Rattlerow Farms’ farrowing house manager, Jamie Brown (left) and unit manager, Adrian Scarfe, in the nursery where pigs are thriving. It has improved returns by over £79,000.

In 12 months a purpose-built piglet nursery on a Suffolk farm has saved enough piglets to improve returns by over £79,000.

When Rattlerow Farms installed the portable container-style nursery on their 600-sow commercial unit at Hill House Farm, Stradbroke, they estimated that it would enable them to rear around 700 extra pigs annually.

In fact, this prediction was almost spot-on. Agrosoft records show that average numbers born alive from the prolific Whiteland sows has been remarkably consistent at between 13.5 and 13.7 over three years. However, since delivery of the nursery, designed and built by Quality Equipment, mortality has fallen dramatically with a proportional rise in numbers reared.

“We are rearing an extra half-a-pig per litter — 693 pigs over the recording period,” said unit manager Adrian Scarfe. “Within the first three months numbers weaned increased from 11.5-11.7 to 12.3 pigs per litter. It has made farrowing house management easier and improved welfare for both sows and piglets.”

Even at today’s low prices, Adrian calculates that selling the extra pigs at 84kg deadweight for £1.37 per kg would result in a gross return of £79,750.

Sows are farrowed in batches of 80 every three weeks and farrowing house manager, Jamie Brown, weans litters of heavier piglets early to enable the sows to foster-rear smaller pigs. This is normally done at 8-10 days, but they have been successful in rearing pigs as early as five days.
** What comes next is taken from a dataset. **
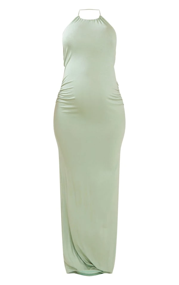 Maternité Robe de grossesse longue vert sauge à dos nu
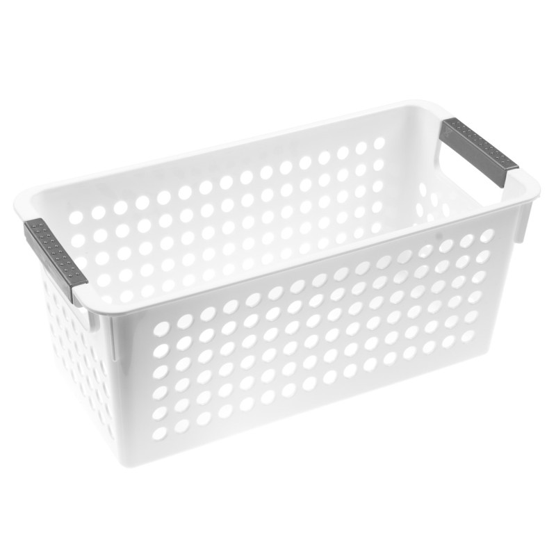 Функционална кошница за съхранение изработена от висококачествена пластмаса в бял цвят с удобни дръжки за лесно носене.

Transition Feeders within the nursery enable the pigs to be given warm milk initially, then a variety of specialist diets, both wet and dry, as they grow. A trial compared the post weaning performance of piglets from the farrowing house against piglets reared through the nursery, recording their weights at weaning age of 28 days and then again 13 days later. Although the piglets from the nursery were initially lighter than the average from the farrowing house, during the trial period they gained 1.66kg more and finished heavier at 11.54kg, compared with 11.11 kg from the farrowing house, an increase of 128g DLWG per pig across 980 pigs.

The nursery is environmentally controlled and Jamie has found that the optimum temperature at weaning is 32oC reducing by 1oC for five days. He is also using two rooms for early weaning and one room for piglets that need a bit of cosseting before moving to the farm’s normal weaner accommodation.